Good News, Bad News in New Media Surge

"News has and always will be incredibly important'

Updated: Tuesday, 16 Mar 2010, 12:15 PM CDT
Published : Tuesday, 16 Mar 2010, 12:14 PM CDT

MINNEAPOLIS - The good news is more people are reading, watching and consuming news than ever before. The bad news is it's getting harder to make money doing it.

A new report from the Pew Foundation shows a media world turned upside down and inside out. In the last year, newspaper revenue fell 26 percent, local television revenue fell 22 percent and radio revenue fell 22 percent.

Four in ten people now say they would rather listen to their iPod. And for news, most are turning to the internet, where 59 percent use social media like Facebook or Twitter.

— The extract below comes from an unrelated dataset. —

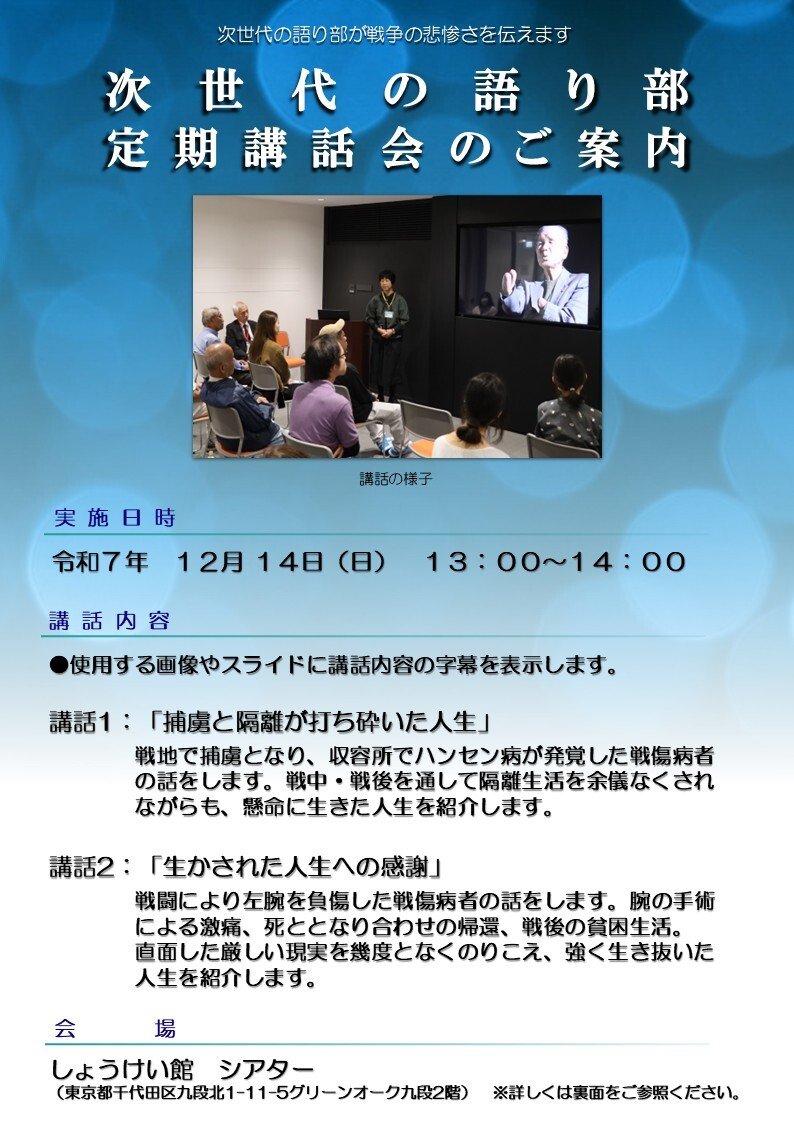| 場所 | しょうけい館(戦傷病者史料館)2階シアター |

"News is still the killer apps, the killer application," Campbell Mithun media analyst John Rash said. "News has and always will be incredibly important."

Rash says for all the attention on new media, those places are still getting their information and facts from old media reporting.

Consider the Star Tribune. While circulation of the newspaper has slipped steadily, its website had 100 million page views in January -- a local record. The problem is getting users to notice the ads. 79 percent say they've never clicked on an ad.

There is some good news. Cable news is growing, with the biggest gains captured by FOX and their lineup of opinion makers. Yet, for all the opinion and spin in the world, it all becomes so much babble without a consensus on the facts. The question is: who will pay for it?

Many have suggested paying for online content. The Wall Street Journal has paid content, and the New York Times will start next year. But according to the Pew study, 82 percent would simply go elsewhere.

In a related note, the FCC will unveil a plan to make broadband the dominant media form in the U.S. Part of that plan would require local broadcasters, like FOX 9, to give back the second tier of our digital signal, which would then be auctioned off to cell phone providers for mobile internet devices.